A major flaw, according to Barnes, is the failure of the current system of capitalism to adequately value and manage the commons. The commons, or more descriptively the common wealth, includes the atmosphere, clean water, oceans, airwaves, social networks, cultures and many other things that are essential to sustainable human well-being, but that either cannot or should not be put under private ownership (in other words, our natural and social capital assets). The failure of communism can be traced to the desire to put too many assets into the commons. But capitalism 2.0 puts too few of humanity's assets into the commons, or leaves them as open access to be plundered by private interests. Barnes' capitalism 3.0 would recognize the importance of the commons as a separate and distinct sector of the economy that deserves to be valued and 'propertized' — but not privatized. The commons can be treated as property without privatizing them by creating various kinds of common property institutions, including trusts.

An analogy might help at this point. What if your computer's operating system started inadvertently overwriting some of the system files that allowed it to function? At first, this may not be a big problem, or even noticeable. But eventually it will cause the system to crash. This is Barnes' analogy for the operation of the current capitalist system. By inadvertently depleting our natural and social capital assets, which are external to the market and therefore unvalued by the market, capitalism 2.0 is leading us towards a system crash. We need to upgrade the system to stop and reverse this depletion and prevent the crash.

One could argue that governments (especially democratic ones) already represent the public interest and the commons sector of the economy, and in some cases may even overrepresent it. But governments have too often become the representatives of private corporate (rather than public) interests and are thus not performing this function adequately, leaving the commons underrepresented, undervalued and underprotected.

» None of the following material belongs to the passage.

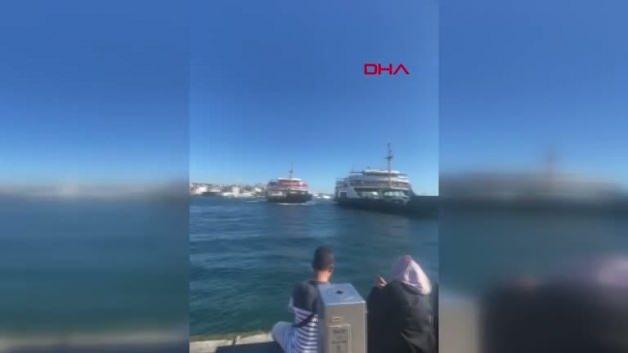 Harem-Sirkeci hattında sefer yapan arabalı vapur, önce Sirkeci İskelesi'nde demirli bir vapura, ardından iskeleye çarparak durdu.

Barnes' basic recommendation is the creation of trusts to manage common property rights. An example is the Alaska permanent fund, a trust set up by the state of Alaska to manage royalty payments for oil and gas extraction. Other examples include the various land trusts, easements and concessions that have evolved and been used effectively by non-governmental organizations such as the Nature Conservancy and Conservation International. Barnes' vision would greatly expand these modest beginnings to cover all our common natural and social capital assets (while leaving private property intact). These common assets are estimated to be worth several times more than all the world's private assets combined (see Nature 387, 253–260; 1997).

A good example would be an atmospheric trust to manage carbon dioxide (and other air pollution) emissions. The various cap-and-trade systems proposed so far for CO2 would fit nicely into the trust scheme, especially if permits were auctioned to emitters, rather than given away free of charge. The trust would set the caps (reducing them over time), collect the auction fees (which would increase as the cap was reduced), and use the revenues to protect and enhance the asset (by investing in renewable energy, for example, or paying private landowners to sequester carbon). The trust could also distribute a fraction of the revenues to all citizens on a per capita basis, as Alaska does now with oil and gas royalties, in the form of tax credits and dividends. This would reverse the regressive nature of fees on carbon emissions because large emitters would pay more into the trust than they got back, whereas small emitters would get back much more than they pay in. On the global scale, this payment could also help to substantially alleviate poverty.

The details of how to pay individuals while avoiding bureaucratic corruption and excessive transaction costs would need to be worked out, of course, and this would be no mean feat. But this is just the kind of challenge that creative capitalists (version 3.0) would warm to.

Upgrading capitalism will not be without trauma (think of the last time you upgraded your computer system), but it is long overdue and is essential if the capitalist system is to survive another century. There are many devilish details to work out, but the upgrade is already under way and gaining momentum. Let's hope the system doesn't crash before it can be completed.